= Exercise description =
Transcribe the stretch of entries below from the line with "こんにちは〜😊 ベランダで プリムラジュリアン ゼブラが咲いています💙🩵" through the line with "1. Support écran", exactly and with both ends included; leave out all other lines.

= Given data =

────────

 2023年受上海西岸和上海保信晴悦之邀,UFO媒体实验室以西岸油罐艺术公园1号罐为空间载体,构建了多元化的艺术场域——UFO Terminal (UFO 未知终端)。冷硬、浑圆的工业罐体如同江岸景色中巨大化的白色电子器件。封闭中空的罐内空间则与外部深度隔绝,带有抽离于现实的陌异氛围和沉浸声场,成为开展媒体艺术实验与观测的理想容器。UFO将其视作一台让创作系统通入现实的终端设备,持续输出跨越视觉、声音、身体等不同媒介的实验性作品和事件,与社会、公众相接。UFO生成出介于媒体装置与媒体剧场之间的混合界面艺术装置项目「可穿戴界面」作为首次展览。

────────

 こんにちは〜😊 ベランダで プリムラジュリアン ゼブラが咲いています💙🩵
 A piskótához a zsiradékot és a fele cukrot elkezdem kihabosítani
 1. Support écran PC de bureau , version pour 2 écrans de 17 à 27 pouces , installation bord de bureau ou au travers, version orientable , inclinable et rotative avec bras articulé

────────

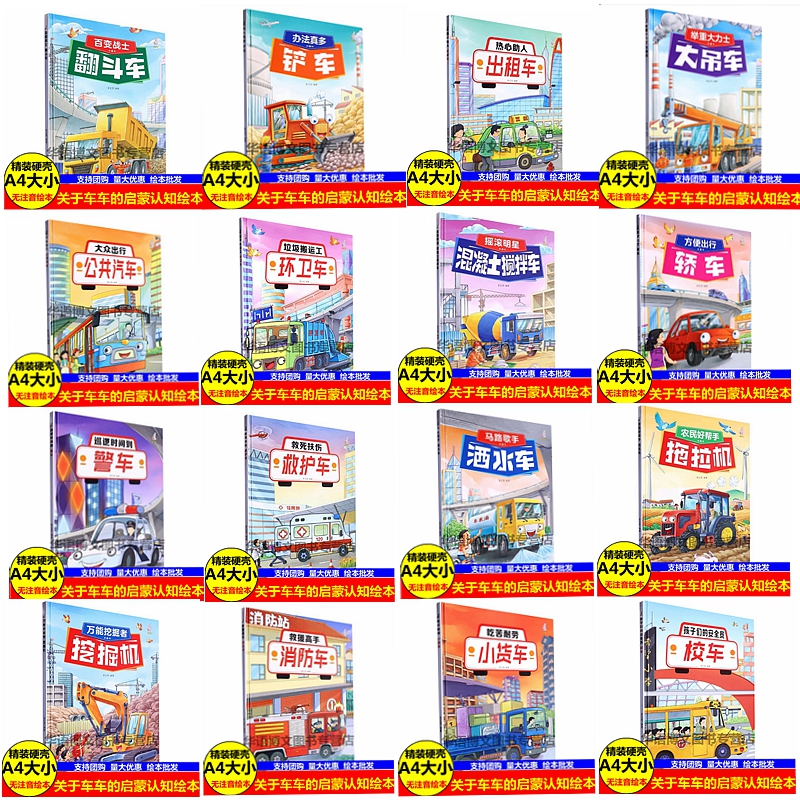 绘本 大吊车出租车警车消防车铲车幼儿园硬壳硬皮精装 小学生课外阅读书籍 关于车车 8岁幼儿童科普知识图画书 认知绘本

────────

= Written answer =
 こんにちは〜😊 ベランダで プリムラジュリアン ゼブラが咲いています💙🩵
 A piskótához a zsiradékot és a fele cukrot elkezdem kihabosítani
 1. Support écran PC de bureau , version pour 2 écrans de 17 à 27 pouces , installation bord de bureau ou au travers, version orientable , inclinable et rotative avec bras articulé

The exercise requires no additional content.